What is being asked - Nothing in the listing should be altered when it is copied, and no picture goes into the copy.

Stored data -

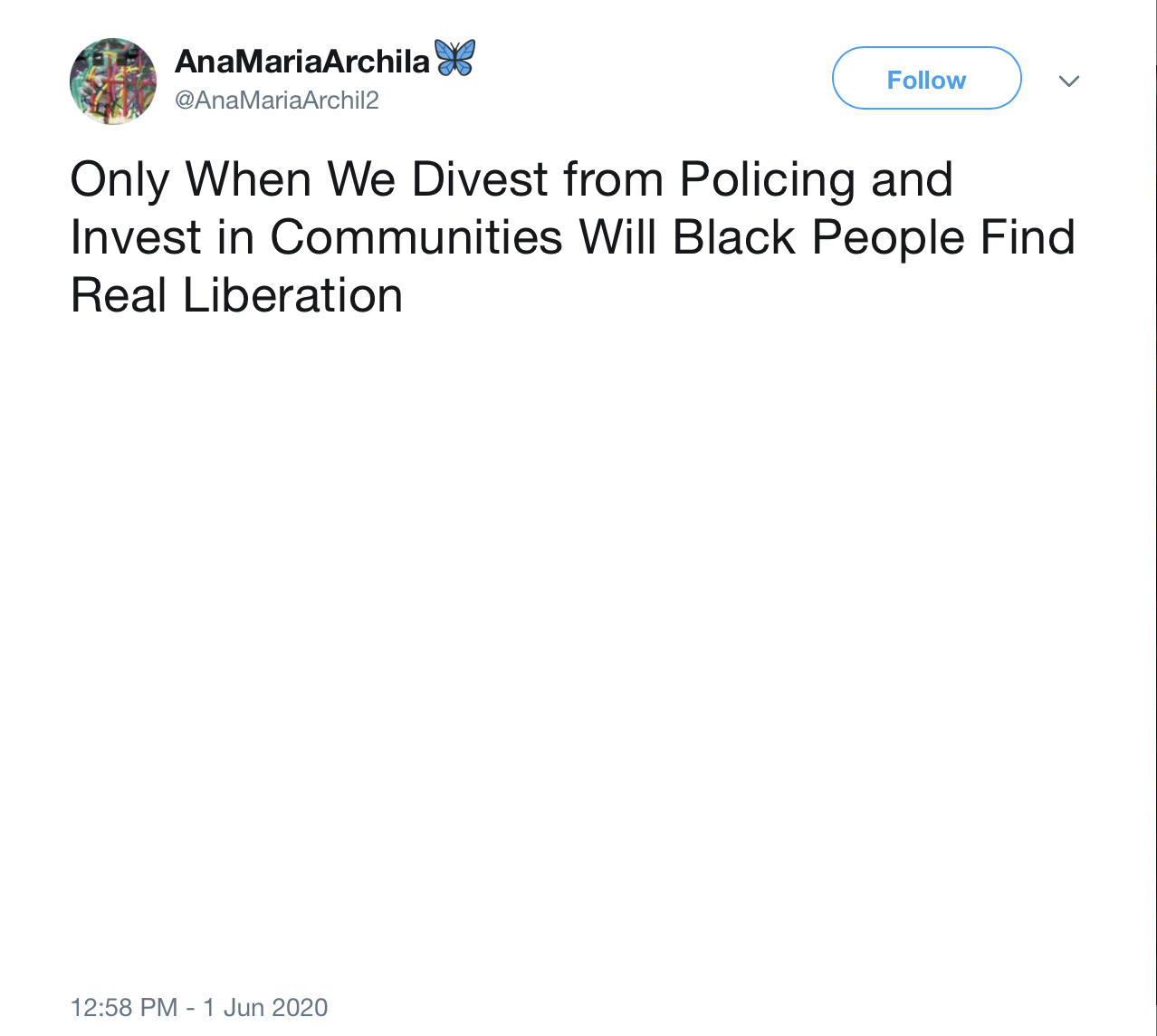 "Only When We Divest from Policing and Invest in Communities Will Black People Find Real Liberation," she wrote in another deleted X post that month.
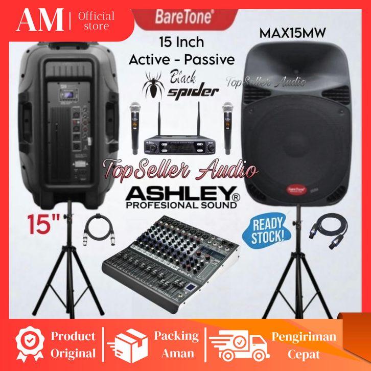 Home Theater 1 Set Karaoke Paket Sound System BareTone 15 Inch ( Active & Passive ) Mixer Ashley 8 Channel 2 Mic
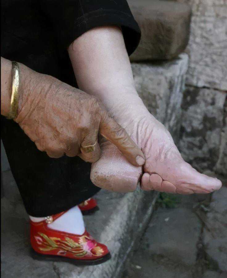 除了畸形外,因为长期用力缠裹,小脚通常颜色青紫,并不适合接触地面的脚趾关节摩擦地面,会产生大量鸡眼,导致脚部皮肤粗糙。

Solution -
 "Only When We Divest from Policing and Invest in Communities Will Black People Find Real Liberation," she wrote in another deleted X post that month.
 Home Theater 1 Set Karaoke Paket Sound System BareTone 15 Inch ( Active & Passive ) Mixer Ashley 8 Channel 2 Mic
 除了畸形外,因为长期用力缠裹,小脚通常颜色青紫,并不适合接触地面的脚趾关节摩擦地面,会产生大量鸡眼,导致脚部皮肤粗糙。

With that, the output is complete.